Mas o contingente afetado ainda pode ir além das duas mil pessoas. “A população de rua atual é de três mil, no mínimo, pois o último censo foi feito ainda em 2016 pela UFRGS”, argumenta Jussara Ferreira (1), dirigente de um dos 26 grupos de ONGs e entidades que integram a força-tarefa montada para ajudar os sem teto.

“Anunciaram (a prefeitura e a FASC) vagas novas nos albergues quando, na verdade, as vagas já existiam. No total, são 308”, assegura. Ou seja, para três mil candidatos, a prefeitura só teria condições de oferecer abrigo para 10%. E os espaços disponíveis “não oferecem condições de isolamento e quarentena”, repara.

Sem poder nem lavar as mãos

No começo de março, o Internacional ofereceu o Gigantinho para receber a população fragilizada, mas, segundo a dirigente, não teria obtido resposta oficial até o momento. Foi sugerida ainda a ocupação do ginásio Tesourinha, do município, igualmente sem retorno. No mês passado, a situação sanitária dos sem teto, já grave, piorou. Aconteceu com o fechamento do albergue Felipe Diehl, com 140 vagas. Sob pressão, a prefeitura reabriu a casa com 205 leitos, aumentando o risco de contaminação. Em abril, a vigilância sanitária limitou o acolhimento a 80 vagas.

Até mesmo o acesso à água para lavar as mãos teria esbarrado na prefeitura, acusada de lacrar torneiras de praças e parques. “As universidades abriram suas torneiras em alguns campus (2 na UFRGS e 1 na Unisinos), foram disponibilizados vasilhames com sabão e material informativo para a prevenção”, conta ela. E os coletivos que doam alimentos, como o dos Cozinheiros do Bem, conseguiram dez pias portáteis. No entanto, o poder municipal teria impedido o abastecimento de água para os reservatórios das pias, que acabaram sendo supridos pelo Corpo de Bombeiros.

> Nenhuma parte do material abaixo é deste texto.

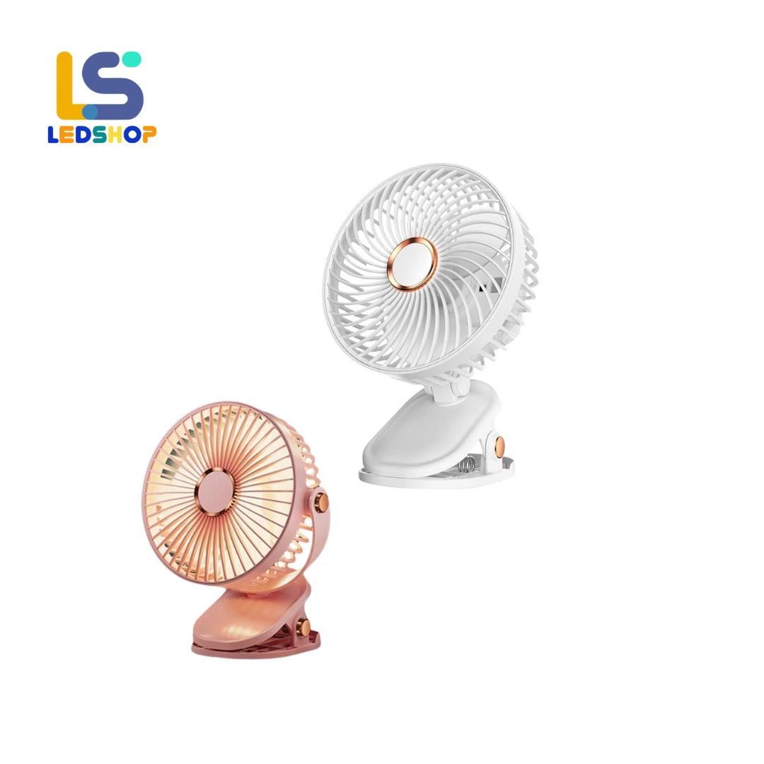 El objeto es un mini ventilador portátil con clip y de escritorio.

Falta comida e a renda sumiu

“A alimentação – relata – também está sendo, na sua maior parte, provida pelos grupos da sociedade civil." Existem os restaurantes mantidos pela prefeitura, mas seriam insuficientes para a demanda. “A distribuição prevista nos restaurantes é de 360 refeições para uma população de rua de três mil pessoas”. A ausência de renda agrava o quadro. Parte dos moradores trabalhava como cuidador de carros, mas a atividade foi proibida por lei municipal e o dinheiro, que já era pouco, sumiu.

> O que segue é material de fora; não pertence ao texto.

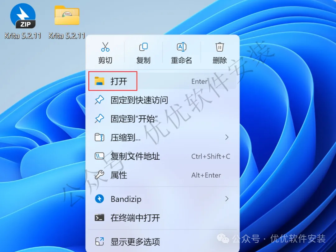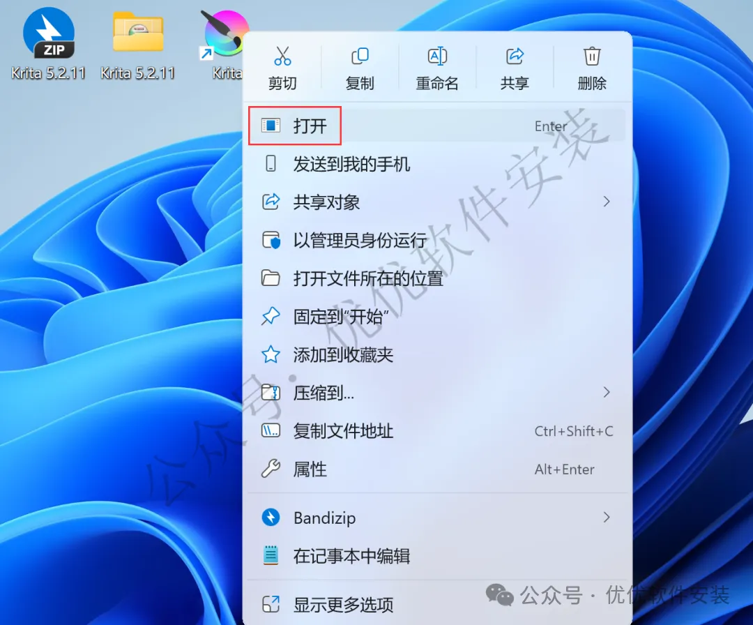 15、回到桌面,右键桌面上的【Krita软件图标】,点击【打开】

Da prefeitura, sabe-se que inaugurou três restaurantes populares desde o final de 2019, o mais recente deles no bairro Restinga, com capacidade para servir 100 marmitas por dia. Ao todo, os três forneceriam 400 refeições por dia.

Na segunda-feira, o Brasil de Fato RS encaminhou seis perguntas à assessoria de comunicação social do prefeito Nélson Marchezan (PSDB), solicitando sua versão para a crise. Até o momento em que fechávamos esta edição não havia nenhuma resposta.
 

(1) Nome fictício, já que a entrevistada pediu para que o verdadeiro não seja exposto por temer represálias.